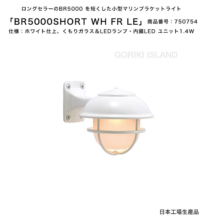 BR5000SHORT WH FR LE(色:WH)商品番号:750754/仕様:ホワイト仕上げ、くもりガラス&LEDランプ・内臓...
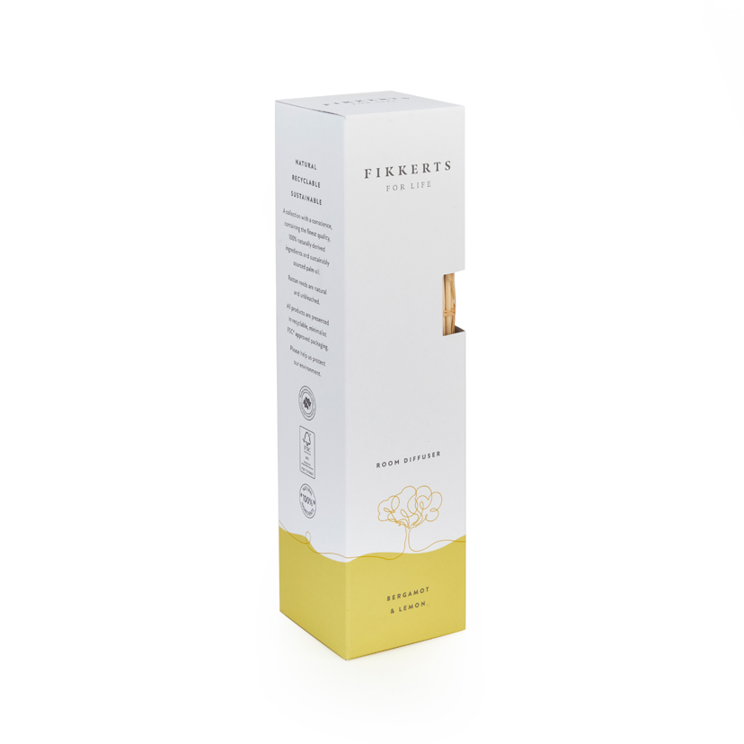 The glass bottle is 100% recyclable, the box is made from FSC-approved and the reeds are tied using recyclable twine.
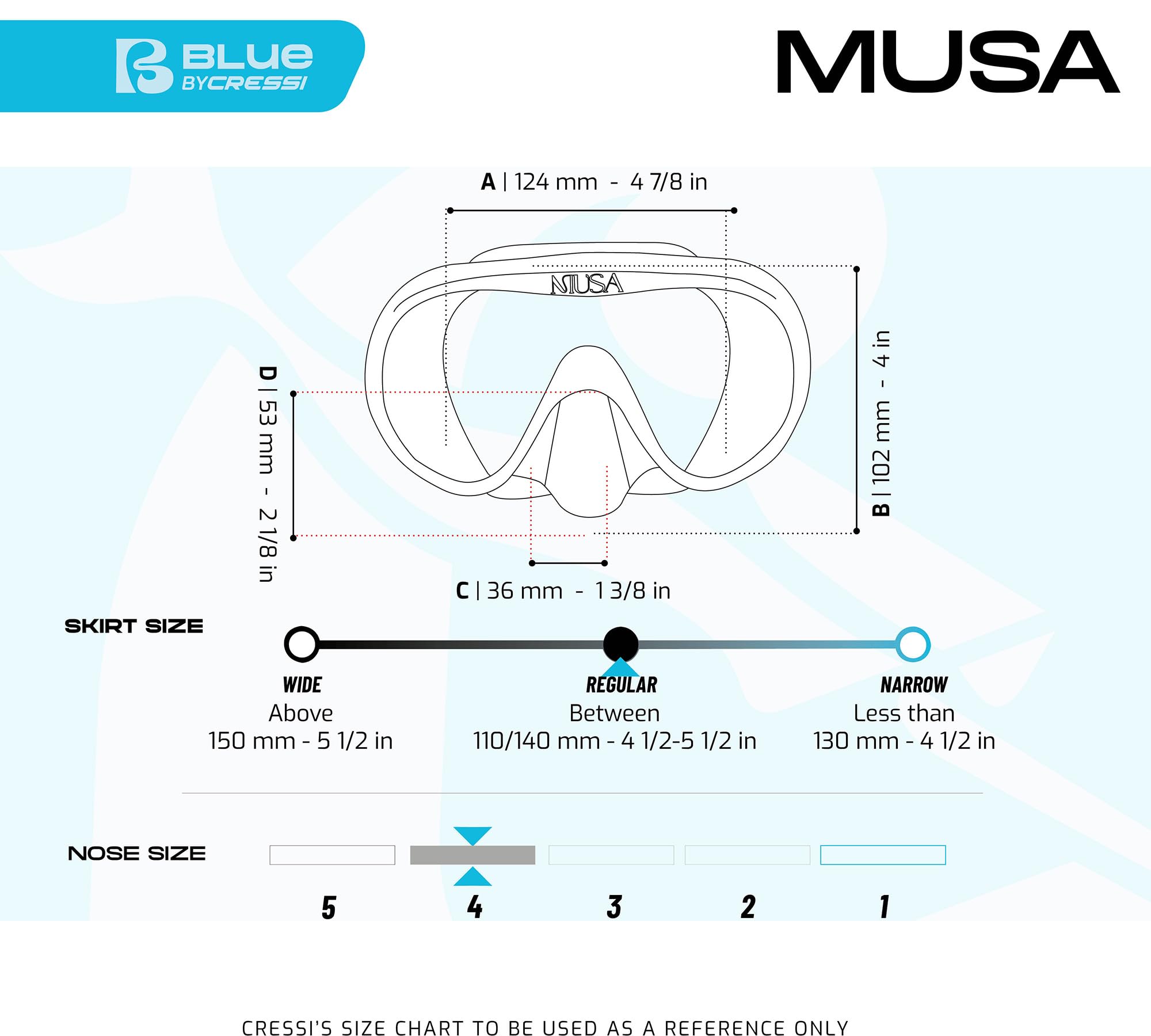 The Musa mask is a cutting-edge, frameless design that combines low internal volume with an expansive field of view. Its innovative construction involves the direct assembly of the silicone skirt onto the single-tempered glass lens, ensuring exceptional sturdiness and a perfect watertight seal. Lightweight and compact, the Musa is ideal for travel and packing. The mask’s flexible fit and reduced drag make it highly appreciated by freedivers, spearfishers, snorkelers, and divers alike, making it an excellent choice for any underwater adventure. The single-tempered glass lens offers a wide field of vision, enhancing the wearer’s experience of the underwater world. Additionally, the micro-metrically adjustable buckles are both comfortable and effective, allowing for quick and easy adjustments. The Musa is designed in Italy by Cressi and made in China. Cressi has been an Italian brand pioneer in scuba diving, freediving, and snorkeling equipment since 1946. The product is covered by a 2-year limited warranty.
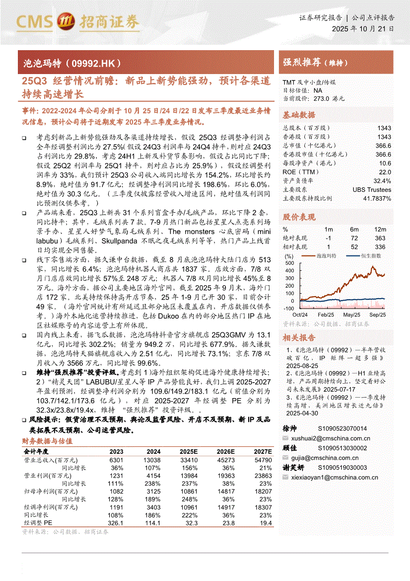 泡泡玛特:招商证券-泡泡玛特-9992.HK-25Q3经营情况前瞻:新品上新势能强劲,预计各渠道持续高速增长-251021

____

▶ _Assigned task_:
Return the whole of the material above exactly, with no picture carried over.

▶ _Written response_:
 BR5000SHORT WH FR LE(色:WH)商品番号:750754/仕様:ホワイト仕上げ、くもりガラス&LEDランプ・内臓...
 The glass bottle is 100% recyclable, the box is made from FSC-approved and the reeds are tied using recyclable twine.
 The Musa mask is a cutting-edge, frameless design that combines low internal volume with an expansive field of view. Its innovative construction involves the direct assembly of the silicone skirt onto the single-tempered glass lens, ensuring exceptional sturdiness and a perfect watertight seal. Lightweight and compact, the Musa is ideal for travel and packing. The mask’s flexible fit and reduced drag make it highly appreciated by freedivers, spearfishers, snorkelers, and divers alike, making it an excellent choice for any underwater adventure. The single-tempered glass lens offers a wide field of vision, enhancing the wearer’s experience of the underwater world. Additionally, the micro-metrically adjustable buckles are both comfortable and effective, allowing for quick and easy adjustments. The Musa is designed in Italy by Cressi and made in China. Cressi has been an Italian brand pioneer in scuba diving, freediving, and snorkeling equipment since 1946. The product is covered by a 2-year limited warranty.
 泡泡玛特:招商证券-泡泡玛特-9992.HK-25Q3经营情况前瞻:新品上新势能强劲,预计各渠道持续高速增长-251021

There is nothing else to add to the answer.